WHAT THIS TASK INVOLVES:
The reply should reproduce every line of the data below word for word, minus any images.

DATA SUPPLIED:
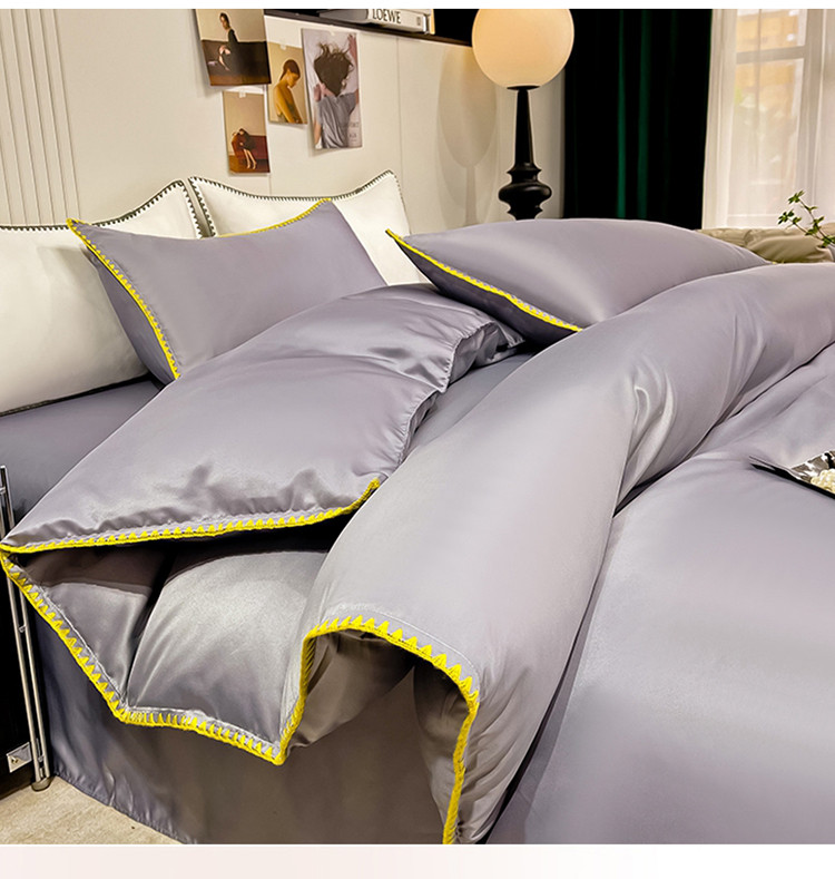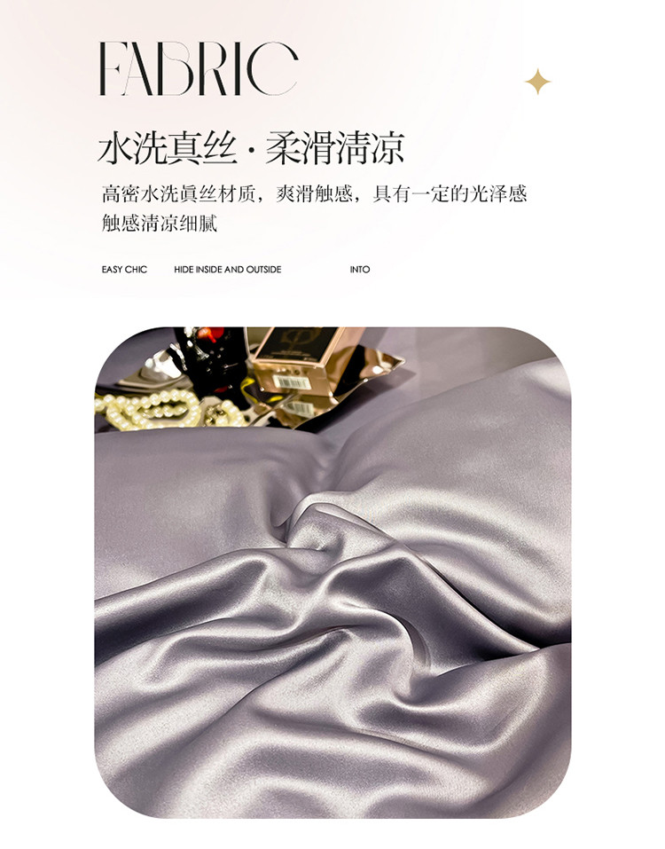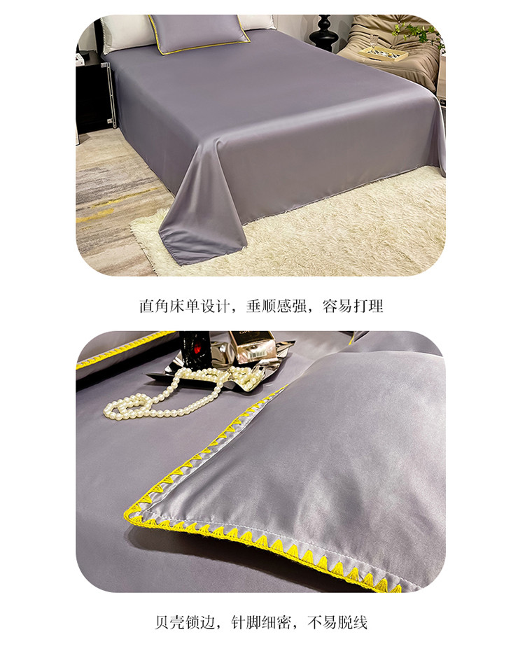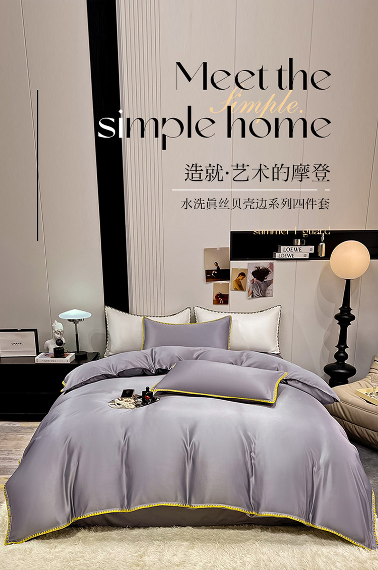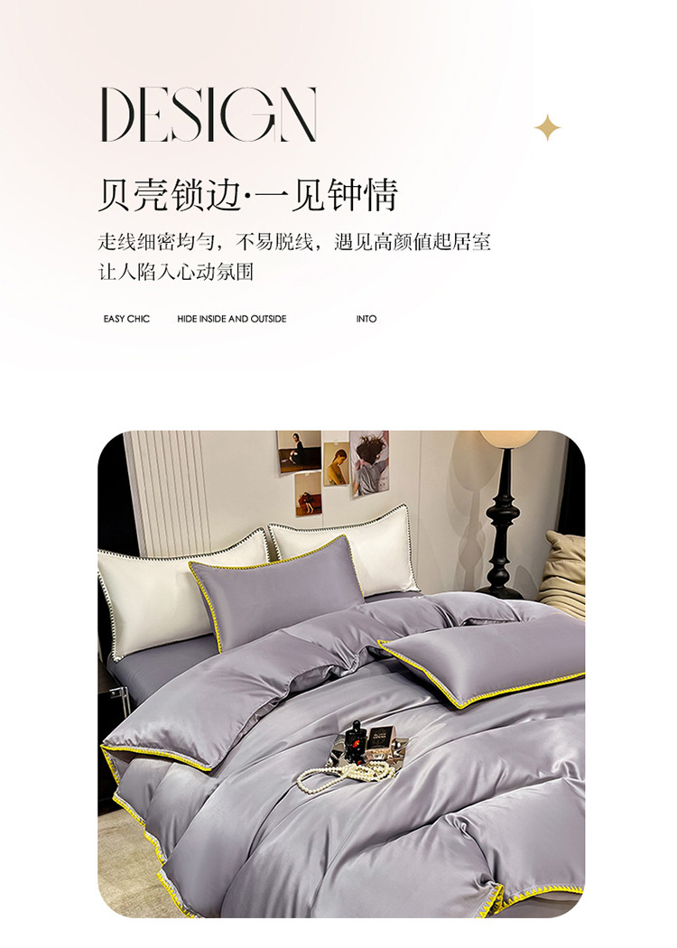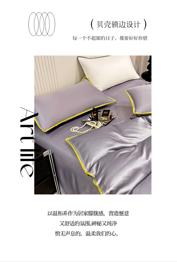 商品名称:艾米家居 2025新款水洗真丝贝壳边系列四件套 灰色
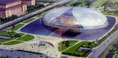 经过4年的周密准备,国家大剧院日前正式开工。国家大剧院位于人民大会堂西侧,占地11.89万平方米,总建筑面积14.95万平方米,设有歌剧院、音乐厅、戏剧场以及艺术展厅、艺术交流中心、音像商店等配套设施,工程概算总投资26.88亿元,建设工期4年。国家大剧院的设计师是法国著名建筑师保罗·安德鲁。
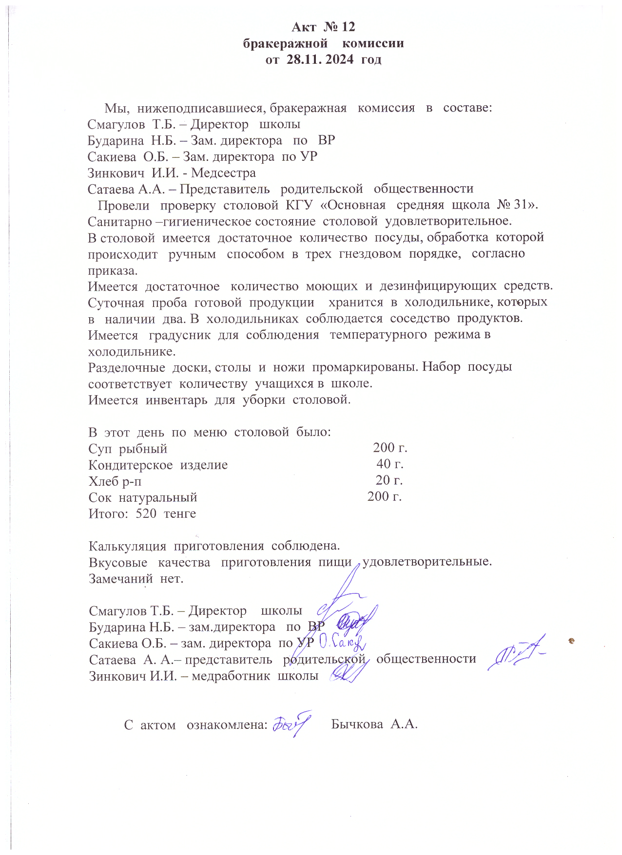 школьное питаниеакт №11 бракеражной комиссии от 20.11.2024 года |
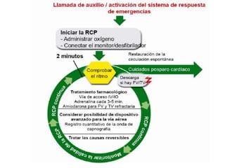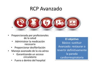 El resumen describe los componentes clave de la RCP avanzada, incluyendo: 1) Proporcionada por profesionales de la salud para administrar medicación, desfibrilación y manejo avanzado de la vía aérea; 2) Incluye procedimientos básicos como compresiones torácicas y ventilación, así como técnicas médicas avanzadas e invasivas; 3) El objetivo es restaurar o revertir definitivamente la parada cardiorrespiratoria mediante la identificación y tratamiento de causas reversibles.
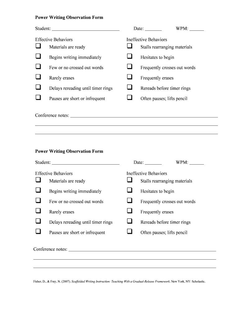 Power Writing Observation Form Student: Effective Behaviors Materials are ready Begins writing immediately Few or no crossed out words Rarely erases Delays rereading until timer rings Pauses are short
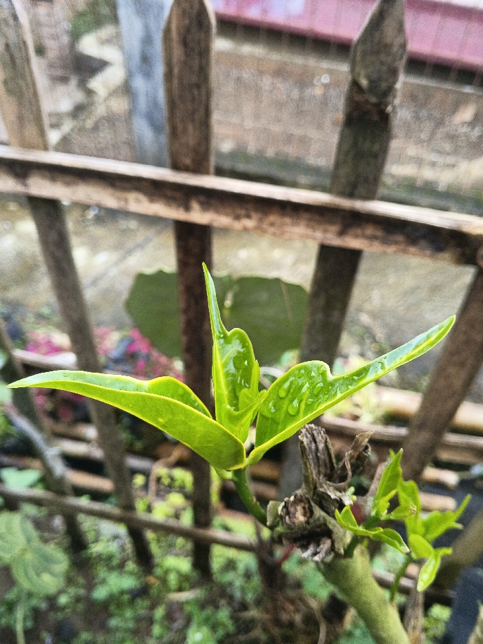 The image depicts a close-up, ground-level view of a vibrant green plant shoot emerging from a thicker, gnarled brown woody stem. The central shoot features multiple freshly unfurled leaves, the largest of which are a bright lime green and display numerous small, clear water droplets on their surfaces, indicating recent moisture. Smaller, lighter green leaves are visible further down the stem. In the blurred background, a rustic wooden fence or trellis is visible, constructed from vertical stakes and at least one horizontal cross-member made of light brown wood. Beyond the fence, there are indistinct areas of green foliage and a blurry hint of red or pink coloration, possibly from other plants or structures. The immediate ground level surrounding the plant appears to be covered in sparse green vegetation or moss. No people or animals are present. The scene is illuminated by natural light. The location is specified as Unknown, Uruguay.
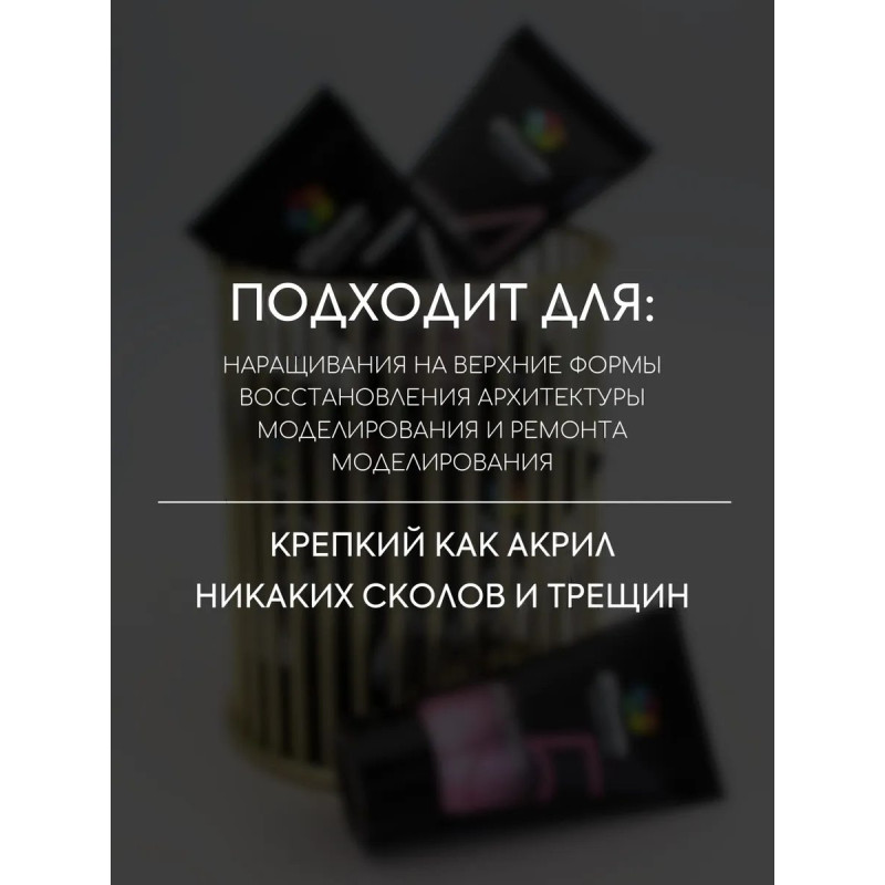 Подходит для моделирования и ремонта ногтей, для наращивания на верхних формах. Используется для восстановления архитектуры натуральных ногтей и моделирования при ремонте с гель-лаком. Наносится на грунтовочный слой базы.
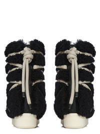 RICK OWENS FW25 CONCORDIANS MEGA BUMPER LUNAR IN BLACK/MILK CURLY SHEARLING THESE MEGA BUMPER LUNAR ARE ABOVE-ANKLE HEIGHT. THEY HAVE A SOFT PADDED PULL ON BOOT UPPER AND DOUBLE HEIGHT, SHARK-TOOTHED MEGA BUMPER SOLES THIS HEAVYWEIGHT SHEARLING LAMB LEATHER HAS A WAXY NAPPA FINISH AND A SOFT NATURAL FUR TANNED IN THE TUSCANY AREA OF ITALY, THESE SHEARLING MERINO HIDES ARE OF SPANISH ORIGIN, THE UNIQUE THICK FUR OF THESE ANIMALS MAKE THEM PERFECT FOR SHEARLING. BECAUSE THE HAIR IS NATURAL, THERE WILL BE VARIATIONS IN HAIR LENGTH AND TEXTURE, MAKING EACH PIECE UNIQUE THIS TANNERY IS LWG CERTIFIED WITH A SILVER RATING COLOR: BLACK/MILK MATERIAL: UPPER 100% LAMB SHEARLING REAL FUR LINING 100% NYLON PADDING 70% POLYURETHANE + 30% POLYESTER INSOLE 100% CALF LEATHER SOLE 100% THERMOPLASTIC RUBBER SOLE HEIGHT 4.5CM

RESPONSE FOR THIS EXERCISE:
 商品名称:艾米家居 2025新款水洗真丝贝壳边系列四件套 灰色
 经过4年的周密准备,国家大剧院日前正式开工。国家大剧院位于人民大会堂西侧,占地11.89万平方米,总建筑面积14.95万平方米,设有歌剧院、音乐厅、戏剧场以及艺术展厅、艺术交流中心、音像商店等配套设施,工程概算总投资26.88亿元,建设工期4年。国家大剧院的设计师是法国著名建筑师保罗·安德鲁。
 школьное питаниеакт №11 бракеражной комиссии от 20.11.2024 года |
 El resumen describe los componentes clave de la RCP avanzada, incluyendo: 1) Proporcionada por profesionales de la salud para administrar medicación, desfibrilación y manejo avanzado de la vía aérea; 2) Incluye procedimientos básicos como compresiones torácicas y ventilación, así como técnicas médicas avanzadas e invasivas; 3) El objetivo es restaurar o revertir definitivamente la parada cardiorrespiratoria mediante la identificación y tratamiento de causas reversibles.
 Power Writing Observation Form Student: Effective Behaviors Materials are ready Begins writing immediately Few or no crossed out words Rarely erases Delays rereading until timer rings Pauses are short
 The image depicts a close-up, ground-level view of a vibrant green plant shoot emerging from a thicker, gnarled brown woody stem. The central shoot features multiple freshly unfurled leaves, the largest of which are a bright lime green and display numerous small, clear water droplets on their surfaces, indicating recent moisture. Smaller, lighter green leaves are visible further down the stem. In the blurred background, a rustic wooden fence or trellis is visible, constructed from vertical stakes and at least one horizontal cross-member made of light brown wood. Beyond the fence, there are indistinct areas of green foliage and a blurry hint of red or pink coloration, possibly from other plants or structures. The immediate ground level surrounding the plant appears to be covered in sparse green vegetation or moss. No people or animals are present. The scene is illuminated by natural light. The location is specified as Unknown, Uruguay.
 Подходит для моделирования и ремонта ногтей, для наращивания на верхних формах. Используется для восстановления архитектуры натуральных ногтей и моделирования при ремонте с гель-лаком. Наносится на грунтовочный слой базы.
 RICK OWENS FW25 CONCORDIANS MEGA BUMPER LUNAR IN BLACK/MILK CURLY SHEARLING THESE MEGA BUMPER LUNAR ARE ABOVE-ANKLE HEIGHT. THEY HAVE A SOFT PADDED PULL ON BOOT UPPER AND DOUBLE HEIGHT, SHARK-TOOTHED MEGA BUMPER SOLES THIS HEAVYWEIGHT SHEARLING LAMB LEATHER HAS A WAXY NAPPA FINISH AND A SOFT NATURAL FUR TANNED IN THE TUSCANY AREA OF ITALY, THESE SHEARLING MERINO HIDES ARE OF SPANISH ORIGIN, THE UNIQUE THICK FUR OF THESE ANIMALS MAKE THEM PERFECT FOR SHEARLING. BECAUSE THE HAIR IS NATURAL, THERE WILL BE VARIATIONS IN HAIR LENGTH AND TEXTURE, MAKING EACH PIECE UNIQUE THIS TANNERY IS LWG CERTIFIED WITH A SILVER RATING COLOR: BLACK/MILK MATERIAL: UPPER 100% LAMB SHEARLING REAL FUR LINING 100% NYLON PADDING 70% POLYURETHANE + 30% POLYESTER INSOLE 100% CALF LEATHER SOLE 100% THERMOPLASTIC RUBBER SOLE HEIGHT 4.5CM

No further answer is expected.